As they walked out for the toss, it was Atticus leading the way. He stepped over the ropes onto the green with Clive Lloyd, and there he was in flesh! The stadium expanded and occupied more space in that instant, as chests filled up with pride. He was back in charge. Ajit Wadekar had done the job – created history at the Oval in 1971– but the world had been set right now. He would climb the mountain-face and hammer the pegs for his men to follow said their hearts. The same hearts which had been skeptical when Richard Burton had been put in charge in Where Eagles Dare and not the Gregory Peck of Guns of Navarone. And I gawked in awe. As he fielded at extra-cover languorous as a panther, looking lethal and foreboding in that India cap as he leaned into his walk as the ball was bowled. He didn’t have his Andrea Stavros, his Anthony Quinn, with him – Salim Durani had been dropped. Frankly, Tiger didn’t do much of note in that match – only Lloyd, Kallicharan and Greenidge did – other than materialize in real life after hogging the imagination. But enraptured I was – albeit more by how he was perceived and received than by his deeds.

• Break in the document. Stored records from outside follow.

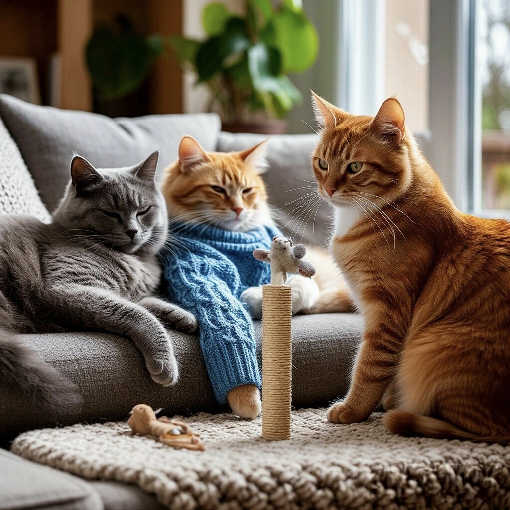 Можно разделить места отдыха: например, разместить на подоконнике несколько лежанок так, чтобы кошки могли лежать рядом, но не соприкасаться.
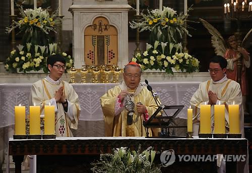 | △ 부활절 미사 (서울=연합뉴스) 박동주 기자 = 부활절인 5일 서울대교구장인 염수정 추기경이 서울 명동성당에서 미사를 집전하고 있다. 2015.4.5 pdj6635@yna.co.kr |
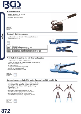 • zum Schneiden von Gummi- und Kunststoffschläuchen
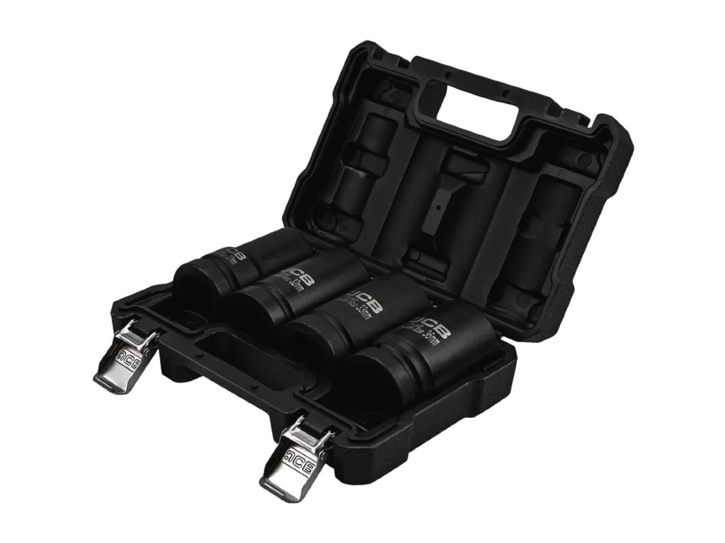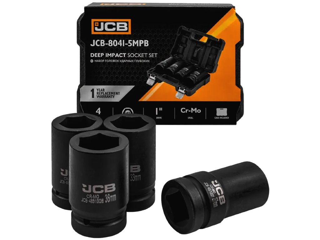 A JCB Tools 4 részes mélyhúzó dugókulcs készlet egy professzionális szerszám, amelyet intenzív műhelyi munkákhoz terveztek, beleértve a csavarok és anyák összeszerelését és szétszerelését ütvecsavarozókkal.
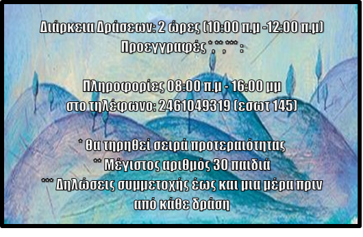 το παρακολουθήσουν παιδιά ηλικίας 4 έως και 12 ετών. Οι δραστηριότητες διάρκειας 2 ωρών (10:00 π.μ - 12:00 π.μ,) θα γίνουν όλες στους χώρους της Βιβλιοθήκης και σε κάθε μια απ’ αυτές ο μέγιστος αριθμός των παιδιών που θα μπορούν να συμμετάσχουν θα είναι τριάντα (30), ενώ κάθε παιδί θα μπορεί να συμμετάσχει σε όποιες δραστηριότητες θέλει. Για το λόγο αυτό θα τηρηθεί σειρά προτεραιότητας κατά την δήλωση των συμμετοχών.
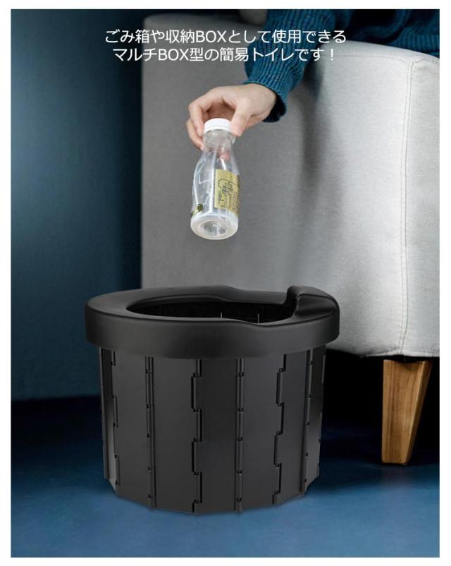 | どんな非常事態の際に、簡易トイレが活躍する防災用品です。 折り畳み式で車のトランクなどにも邪魔にならずに収納可能。 水洗いできるので、次回使うときまで清潔に保管しておくことが可能です。 エコプラスチックを使用し、耐久性に優れた丈夫な設計で、誰でも気軽に使用できる。 ごみ箱や収納BOXとして使用できるマルチBOX型の簡易トイレです! トイレとして使用するときは、このトイレの中に袋を入れておくと、トイレを清潔に保つことができます。 とても組み立てやすく、ゆったり座れるから大人も子供もOK。 自宅でもお出かけでも、大人も、お年寄りや子どもも使用可能です。 | |

And so it continued with reminders all along. Sunil Gavaskar was named the Wisden Cricketer of the Year for 1980, but we had to listen to them talk about 1968, when Tiger won the accolade. Attempting to follow Ian Botham’s exploits at Headingley in 1981 on the BBC begat constant interruptions over the shoulder about Tiger’s fighting 148 at the same ground in 1967. Even post-retirement, every Indian captain had to endure unending tirades of comparison to him. Azhar? Dada? Are you kidding? “Remember India’s first ever overseas win against the Kiwis?”they thundered. “Why don’t they just make him chairman of the selectors for life?” they argued as India’s “bunch of jokers” bungled around. He could never do any wrong – almost. Like when he was in the news for some alleged poaching. That embarrassed them and they tried to brush it off stiffly “This hunting business is the kind of thing people from royal families do, you know?” It was like Gregory Peck playing Josef Mengele in The Boys from Brazil. It had to be an anomaly.

That is how I want to remember you Tiger, as the tabloids go lurid with the deeds of shame of the cartel you have lent your name to. And I do not want to venture near how it hurts and stings to that generation who looked at you as Indian cricket’s own Gregory Peck; for them to see your name intermixed with these “custodians” of Indian cricket. They will never permit you to lead any team on any mission, lest you actually try to do your job. And do it the only way you know – with true leadership and principles that might end up breaching their carefully constructed façades and castling their house of cards.

Walk away Tiger, before it gets any more sordid, if that is somehow even possible. You don’t need them, and frankly, they don’t really need you – other than on their marquee. Don’t allow them to portray you as a good Godfather of their family. Luca and Clemenza can handle “cricketing matters” on that council fine. Speak what’s on your mind and walk away. Don’t hold back. Cut loose with a few choice words and bid adieu.